Why does `categorical_feature` of lightgbm not work?
我想用LightGBM
预测房子的tradeMoney
,但是当我在[=13=的lgb.Dataset
中指定categorical_feature
时,我遇到了麻烦].
我得到 data.dtypes
如下:
type(train)
pandas.core.frame.DataFrame
train.dtypes
area float64
rentType object
houseFloor object
totalFloor int64
houseToward object
houseDecoration object
region object
plate object
buildYear int64
saleSecHouseNum int64
subwayStationNum int64
busStationNum int64
interSchoolNum int64
schoolNum int64
privateSchoolNum int64
hospitalNum int64
drugStoreNum int64
我用LightGBM
训练它如下:
categorical_feats = ['rentType', 'houseFloor', 'houseToward', 'houseDecoration', 'region', 'plate']
folds = KFold(n_splits=5, shuffle=True, random_state=2333)
oof_lgb = np.zeros(len(train))
predictions_lgb = np.zeros(len(test))
feature_importance_df = pd.DataFrame()
for fold_, (trn_idx, val_idx) in enumerate(folds.split(train.values, target.values)):
print("fold {}".format(fold_))
trn_data = lgb.Dataset(train.iloc[trn_idx], label=target.iloc[trn_idx], categorical_feature=categorical_feats)
val_data = lgb.Dataset(train.iloc[val_idx], label=target.iloc[val_idx], categorical_feature=categorical_feats)
num_round = 10000
clf = lgb.train(params, trn_data, num_round, valid_sets = [trn_data, val_data], verbose_eval=500, early_stopping_rounds = 200)
oof_lgb[val_idx] = clf.predict(train.iloc[val_idx], num_iteration=clf.best_iteration)
predictions_lgb += clf.predict(test, num_iteration=clf.best_iteration) / folds.n_splits
print("CV Score: {:<8.5f}".format(r2_score(target, oof_lgb)))

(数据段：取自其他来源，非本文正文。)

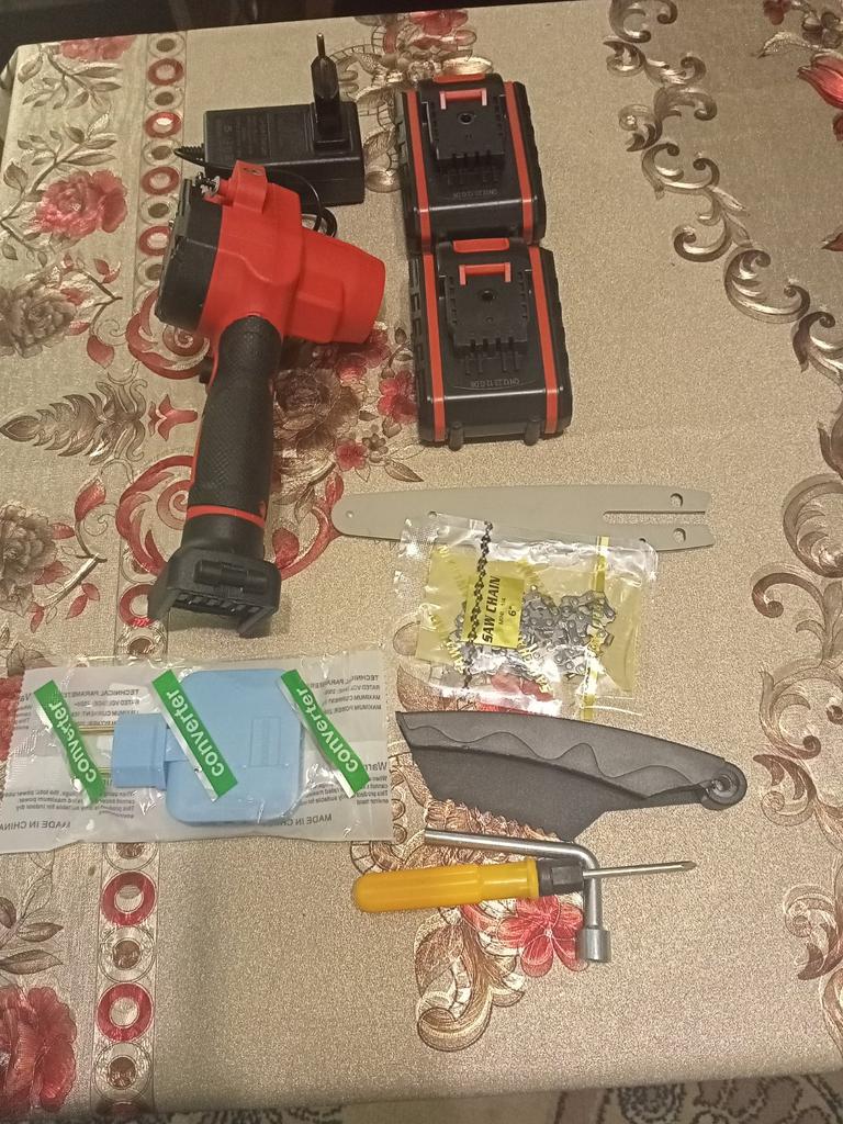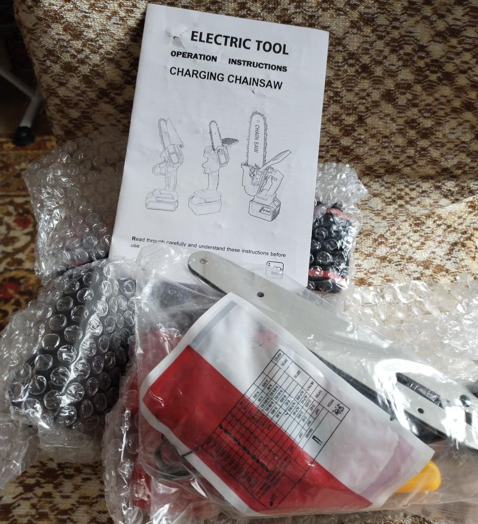 I received the saw and assembled it. There is no key included, the package is full of holes. At idle it works without problems. I tried it on a small piece of wood; with a hand saw I could have cut it off faster and better.

但即使我指定了 categorical_features
.
,它仍然会给出这样的错误信息
ValueError: DataFrame.dtypes for data must be int, float or bool. Did
not expect the data types in fields rentType, houseFloor, houseToward,
houseDecoration, region, plate
这是要求:
LightGBM version: 2.2.3
Pandas version: 0.24.2
Python version: 3.6.8
|Anaconda, Inc.| (default, Feb 21 2019, 18:30:04) [MSC v.1916 64 bit
(AMD64)]
有人能帮帮我吗?
问题是 lightgbm 只能处理 category
类型的特征,而不是 object
。 Here 提取所有可能的分类特征的列表。这些特征在代码中被编码成整数。但是 object
s 没有任何反应,因此 lightgbm
发现并非所有特征都已转换为数字时会抱怨。
所以解决方案是
for c in categorical_feats:
train[c] = train[c].astype('category')
在你的简历循环之前
在构造数据集之前,您应该将分类特征转换为 int 类型。
您将在 https://lightgbm.readthedocs.io/en/latest/Python-Intro.html 中找到此信息
我遇到过具有分类特征和整数特征的案例,并且出现了同样的错误。解决方案是将所有分类转换为整数。
我想用LightGBM
预测房子的tradeMoney
,但是当我在[=13=的lgb.Dataset
中指定categorical_feature
时,我遇到了麻烦].
我得到 data.dtypes
如下:
type(train)
pandas.core.frame.DataFrame
train.dtypes
area float64
rentType object
houseFloor object
totalFloor int64
houseToward object
houseDecoration object
region object
plate object
buildYear int64
saleSecHouseNum int64
subwayStationNum int64
busStationNum int64
interSchoolNum int64
schoolNum int64
privateSchoolNum int64
hospitalNum int64
drugStoreNum int64
我用LightGBM
训练它如下:
categorical_feats = ['rentType', 'houseFloor', 'houseToward', 'houseDecoration', 'region', 'plate']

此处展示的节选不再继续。